夏侯渊过了恒河,看着正在渡河的士兵,也是充满了担心。这些渡河的士兵根本就没有战舰保护,一旦秦军水军下来,他们只有被屠杀的份。可二十万人啊,依靠那可怜的渡河设施,怎么可能在一天之内渡河完毕?
不幸中的万幸,就是夏侯渊的亲卫军第一批就过河了。部队没了可以在拉,天竺有的是人,可这些人没有了,自己的指挥就成问题了,全是自己的心腹啊,作战还是得依靠他们。
而对岸已经有些混乱了,谁都知道屁股后面有追兵,可渡河的速度却没有办法快起来。若不是平时夏侯渊治军极为严格,现在恐怕已经整个哄乱了。达卡的码头上挤满了士兵,等待过河,可谓之人挤人、人挨人,被挤死踩死的人也不少。
“将军,看,上游有船。”
夏侯渊心中一紧,扭头看去,果然,帆影重重。不用说,自然是秦军的战舰下来了。完了,对岸的人危险了。
“让渡河的士兵加速,不想死在河里就赶紧。让还没上船的士兵回达卡城坚守待援。”
在发出命令后,夏侯渊心中一片黯然,自己这次输的可真冤枉:“我们过来了多少军队?”
“大约七万左右。”
七万,太少了,想当初自己跨越恒河,出兵的时候三十万大军浩浩荡荡。
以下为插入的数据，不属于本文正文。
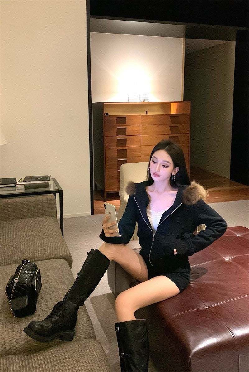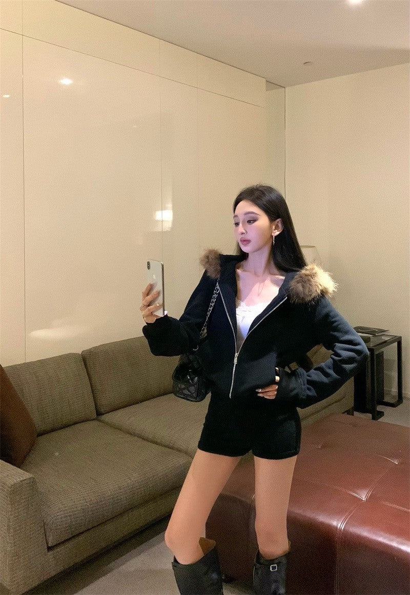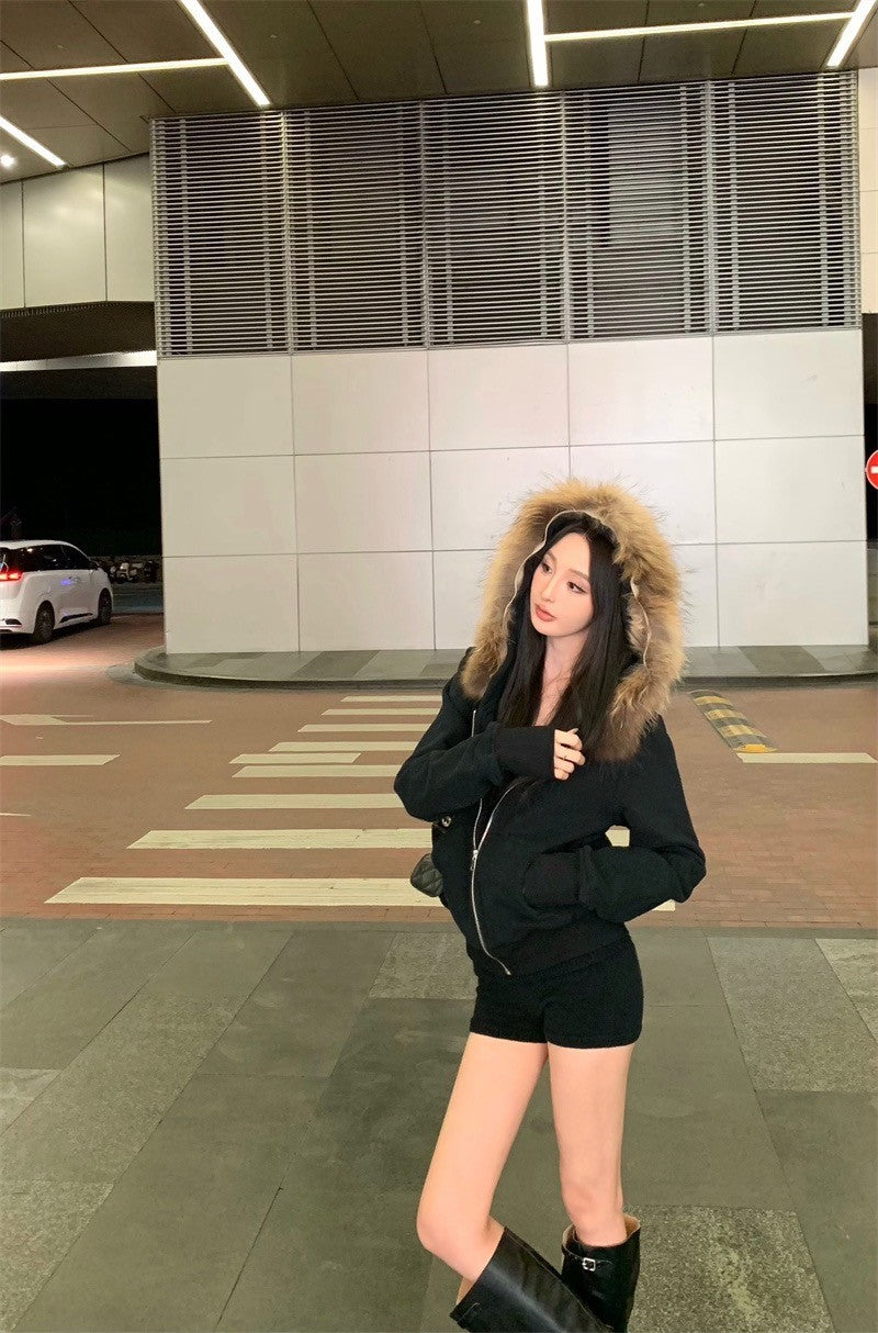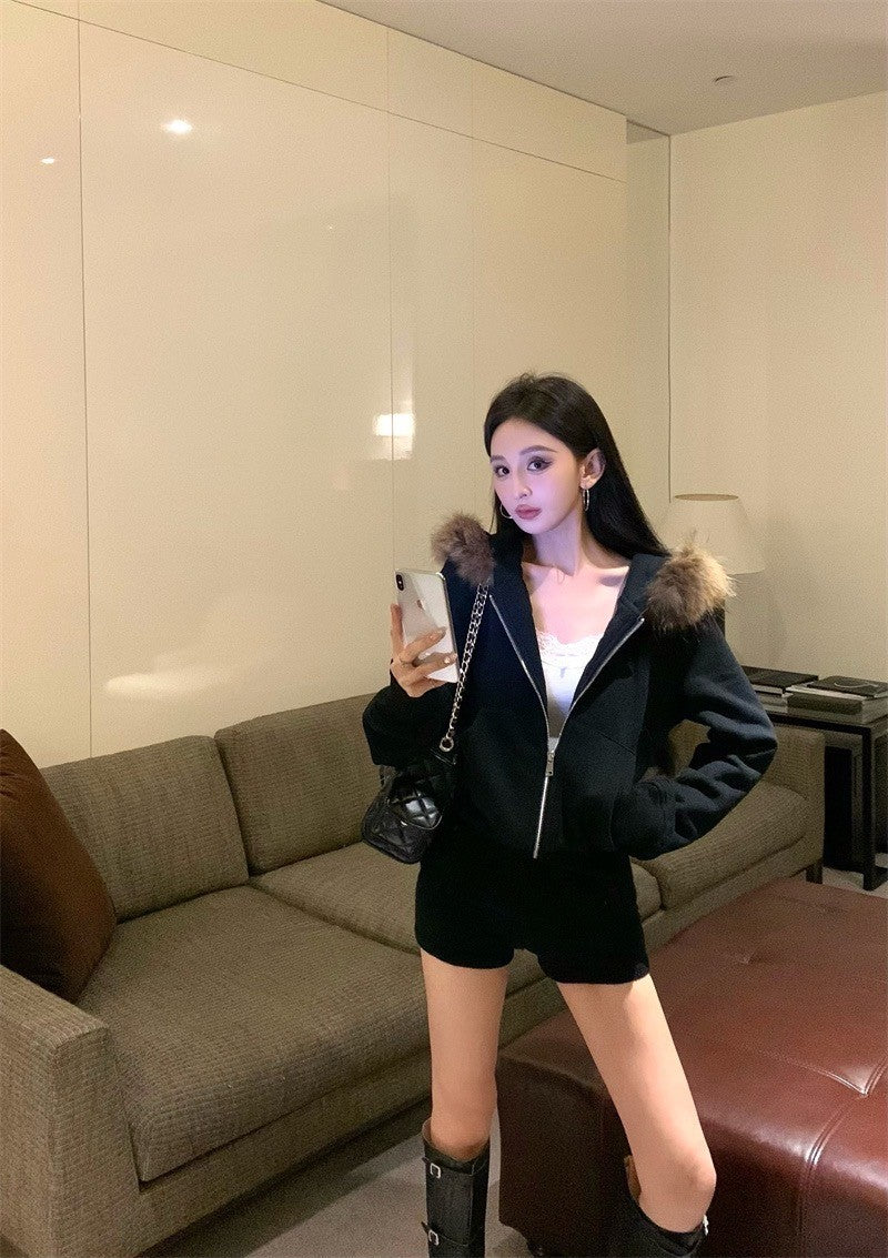 Jan. 奶貓狙擊 通勤慵懶毛毛連帽外套 黑

现在却不足五分之一了,现在对岸的人想回来秦军的水军不会干看着的。
在看到那繁忙的渡河景象后,秦军的水军也加快了速度,要将这些人全部截住。他们也想不到,这足足有余的时间居然让夏侯渊先到一步,这小子果然不好对付。
在中原之时夏侯渊就有‘猎豹’的称号,现在看来,行军之快果然是名不虚传啊,也不知道他们已经渡河了多少人,但是却不能在放一个人渡河了。
正在河面上渡河的士兵,都是拼命的划动船只,希望能早一点过河,赶在秦军到达之前过河。可惜只有很少的一部分人能达到这个效果,秦军的战舰风驰电掣的赶到,一个包抄,将大部分人拦在了江面上。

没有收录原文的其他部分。